Its really hard to wake up from slumber in the morning................ A vacation morning. Working days, I wake up at 6.00 am and started my long days. Slaving myself for paychecks at the end of the month. I was thinking, why should I deprived myself from the pleasure of waking up a little bit late during my vacation days? I should stayed in my hotel bed, embracing and enjoying the serene moment of `just being lazy'.

Being the fool that I am, I groggily forced myself out of the bed. Gathered all my stuff. And cursed myself all the way there, all the while longed for my blanket, walked and stumbled through all those jotting tree roots. Sands clinged onto my sandals. I hate sands. Thought to myself. "This better be worth it".

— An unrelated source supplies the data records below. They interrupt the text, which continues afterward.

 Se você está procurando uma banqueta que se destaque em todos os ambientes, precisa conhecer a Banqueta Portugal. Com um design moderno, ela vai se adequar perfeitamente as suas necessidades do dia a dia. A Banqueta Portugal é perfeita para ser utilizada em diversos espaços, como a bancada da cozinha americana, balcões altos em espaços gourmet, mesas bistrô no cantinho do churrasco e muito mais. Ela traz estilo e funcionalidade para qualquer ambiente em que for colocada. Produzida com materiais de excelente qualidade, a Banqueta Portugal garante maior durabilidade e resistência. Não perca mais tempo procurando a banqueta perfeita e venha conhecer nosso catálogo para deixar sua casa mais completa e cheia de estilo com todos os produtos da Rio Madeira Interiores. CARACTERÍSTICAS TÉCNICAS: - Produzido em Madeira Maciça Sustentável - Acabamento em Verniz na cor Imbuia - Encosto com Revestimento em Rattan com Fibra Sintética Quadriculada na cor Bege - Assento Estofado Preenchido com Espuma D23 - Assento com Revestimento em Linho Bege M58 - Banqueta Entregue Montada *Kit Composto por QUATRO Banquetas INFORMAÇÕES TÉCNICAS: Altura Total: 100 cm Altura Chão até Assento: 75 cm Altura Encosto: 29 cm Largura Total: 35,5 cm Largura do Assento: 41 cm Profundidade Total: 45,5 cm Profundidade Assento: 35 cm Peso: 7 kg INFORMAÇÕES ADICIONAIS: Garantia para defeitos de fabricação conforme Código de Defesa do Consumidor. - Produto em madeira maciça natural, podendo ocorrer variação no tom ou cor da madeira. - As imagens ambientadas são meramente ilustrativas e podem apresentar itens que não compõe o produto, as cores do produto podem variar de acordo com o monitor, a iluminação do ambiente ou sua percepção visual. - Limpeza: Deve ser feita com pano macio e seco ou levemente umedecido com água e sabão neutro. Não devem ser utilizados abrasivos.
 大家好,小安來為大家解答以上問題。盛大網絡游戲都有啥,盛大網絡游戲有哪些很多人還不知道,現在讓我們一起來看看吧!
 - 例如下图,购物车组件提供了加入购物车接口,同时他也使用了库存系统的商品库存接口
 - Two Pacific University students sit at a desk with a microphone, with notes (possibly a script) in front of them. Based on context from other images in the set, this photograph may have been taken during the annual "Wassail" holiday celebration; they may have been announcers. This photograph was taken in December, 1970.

Capturing the above scenes did make me feel great. And I'll do it again, only this time it will be during sunset. No more early morning shots. Too much struggle for an amateur like me. :)


Monday, April 9, 2007

TO START A BLOG


This is my 26th attempt to start a blog. For the last 2 years. Seriously. My last 25 attempt was a disaster. Can't decide on almost everything. Catchy headers? I am not in advertisement. Candy eyed background and layouts? I am not an artistic person. Interesting content? Not a writer. Don't know the difference of HML, HTML, XML either. With that in mind, please bear with me.

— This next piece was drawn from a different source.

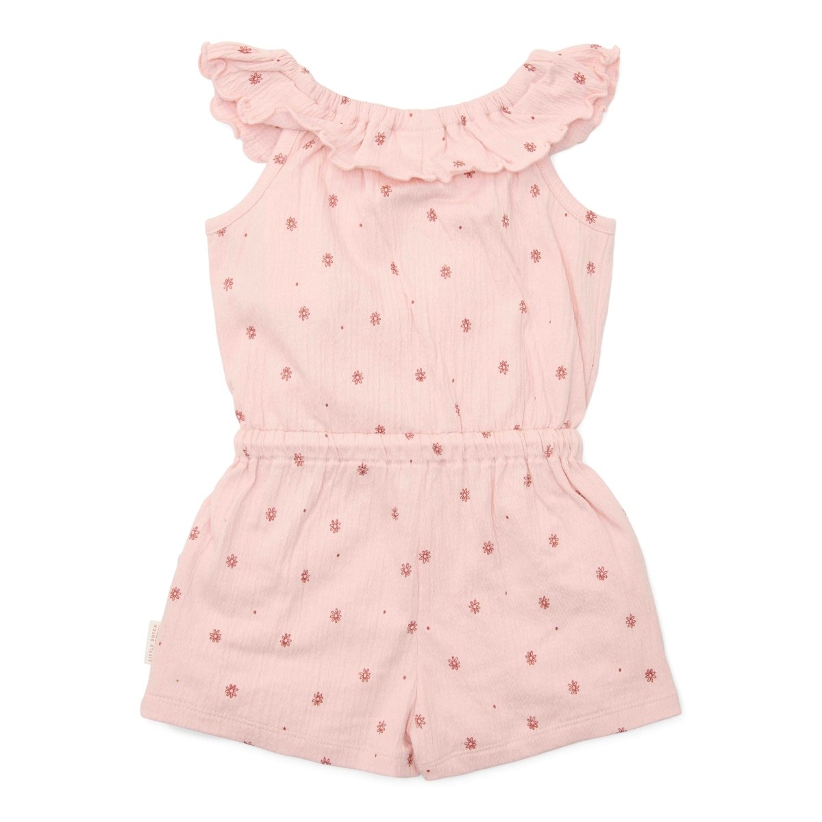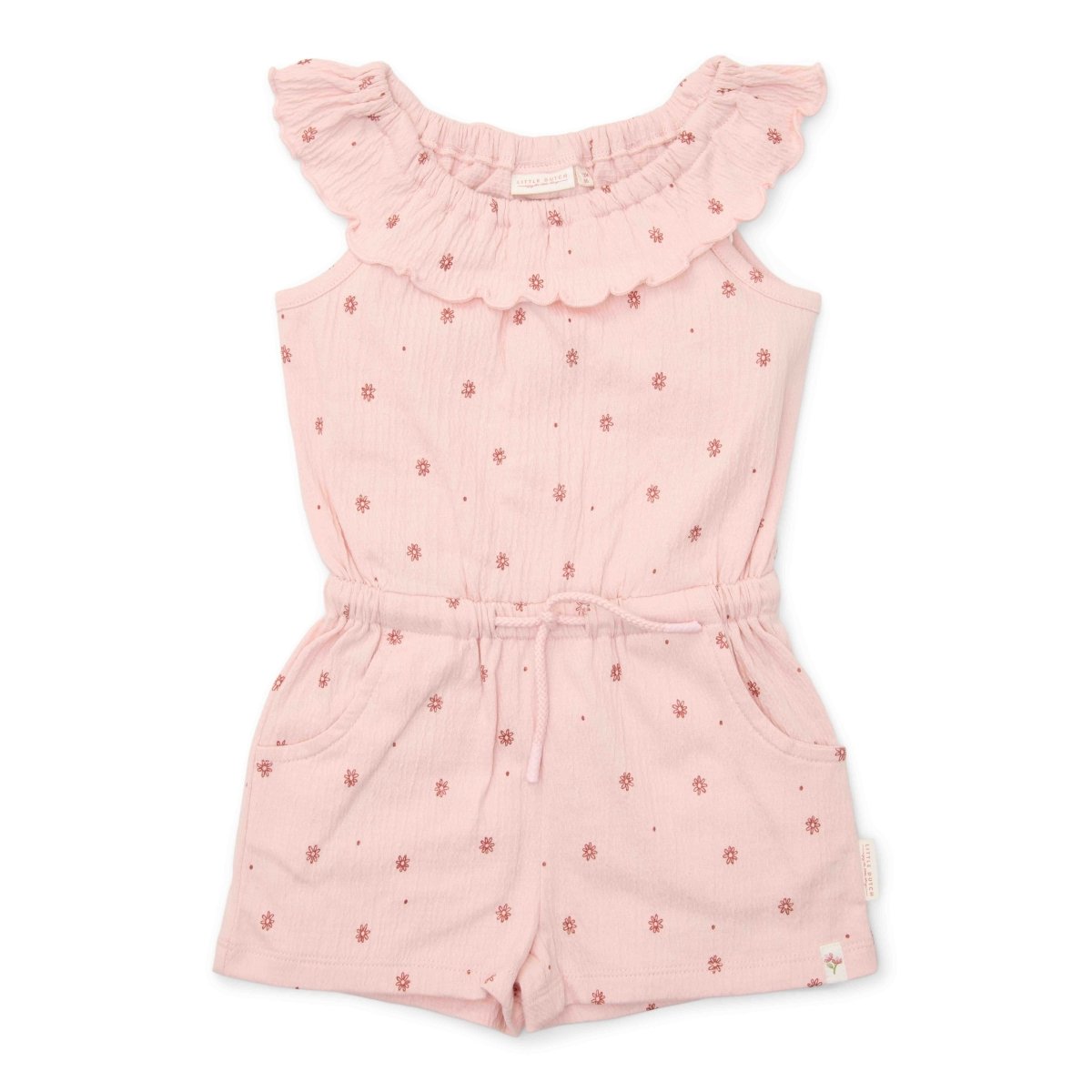 Leg og strål i lotusrosa denne sommer! Denne jumpsuit er den perfekte heldragt til små eventyrere. Den er lavet af behageligt, krøllet stof med stretch og sikrer bevægelsesfrihed og komfort hele dagen. Det charmerende blomstermønster og flæserne ved halsudskæringen gør tøjet ekstra sødt. Den elastiske halsudskæring og talje gør det nemt at tage tøjet af og på, og snoren i taljen gør det muligt at justere pasformen. Jumpsuiten er fremstillet af økologisk bomuld og har praktiske sidelommer til små fund.

The photo above got nothing to do with this post, there's no story or reason why I put it there. Just thought it looks good on a black layout. Just let me stress one thing. Like it or not, its mine. C & C are not welcome.


Nasi lemak and nescafe tarik is a favourite breakfast dish. Might as well advertise it. In doing that, if it reminds you to have a healthy breakfast or to have a breakfast, I am already a satisfied person.